And my skills were already improving. I was learning which blast to use to most effect, depending on the opponent. Also, in West Harbor, since I just did things, somebody always seemed to grab onto my apron strings: Bevil, or Amie---well, Amie just wanted Bevil---even the militia. I tried to defer to Khelgar at the inn, but he he made it clear that he was out for a good row, so he trusted my advice and my initiative, and followed my lead because I always had a strong opinion and a way of 'getting things done.' I had to keep the dwarf from getting into too many brawls, but I once I got used to the idea that I could lead, it worked. And truth be said, I liked responsibility---probably because my foster-father had always given it to me grudgingly, yet Daeghun always held me to the highest standards, even if he assumed I would fall short of them. By assuming responsibility for our group, I was upsetting Daeghun's expectations, which, I must say, gave me the all kinds of warm and fuzzy feelings.

Here, though I was the youngest and the greenest, I still had a will, but I deferred to Cormick. To be fighting at the side of 'Good ole Cormick,' as we called him in the Mere, was something that made everything else seem worthwhile. I felt like I had accidentally walked into some tale of adventure---his tale. I would be content to be a supporting character.

We stumbled upon the bandit camp on our way to find the commander.

Neeshka opened locks and picked apart traps in a way that was a little uncanny. I kept imagining her in Neverwinter, which is where she came from, sneaking around people's homes when they were sound asleep, pocketing precious heirlooms with the same joy that she displayed as she unlocked warded crates and lockboxes.

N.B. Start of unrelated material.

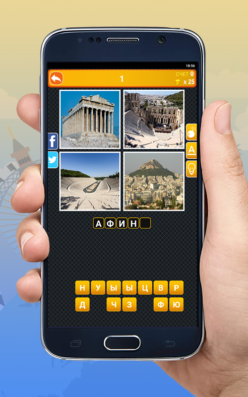 Правила очень просты: По 4 картинкам (фоткам) нужно отгадать объединяющее слово город или страны. Посмотрите на картинки – проведите аналогию и угадайте слово. Если вы застряли на каком-то уровне – не беда, используйте подсказки "Удалить ненужные буквы", "Вставить правильную букву" или "Показать слово".

Every time she would uncover a trap, Neeshka would widen her eyes at Cormick, or do something that was clearly meant to draw his attention. She was very pretty, and I would not have blamed him for...responding. In West Harbor, Cormick always seemed to have a lady or two on his arm, or following behind him like cats wanting a piece of fish. As Neeshka did everything but jump into his lap and purr, Cormick somehow managed to acknowledge her attention in a platonic way, as if it were all in good fun. The only thing that kept Khelgar from upbraiding Neeshka's behavior was Cormick's way of getting round it. However, the dwarf did manage a dart or two at her when he thought no one else could hear.

When the prisoners were free, and the camp was destroyed, we found a likely campsite. Setting a fire, we rested beneath a cloudy sky.

It was one of those nights where large, fast-moving clouds veiled the sky, but the moon came out from behind them every now and again to remind the world that there was something behind the darkness—something full.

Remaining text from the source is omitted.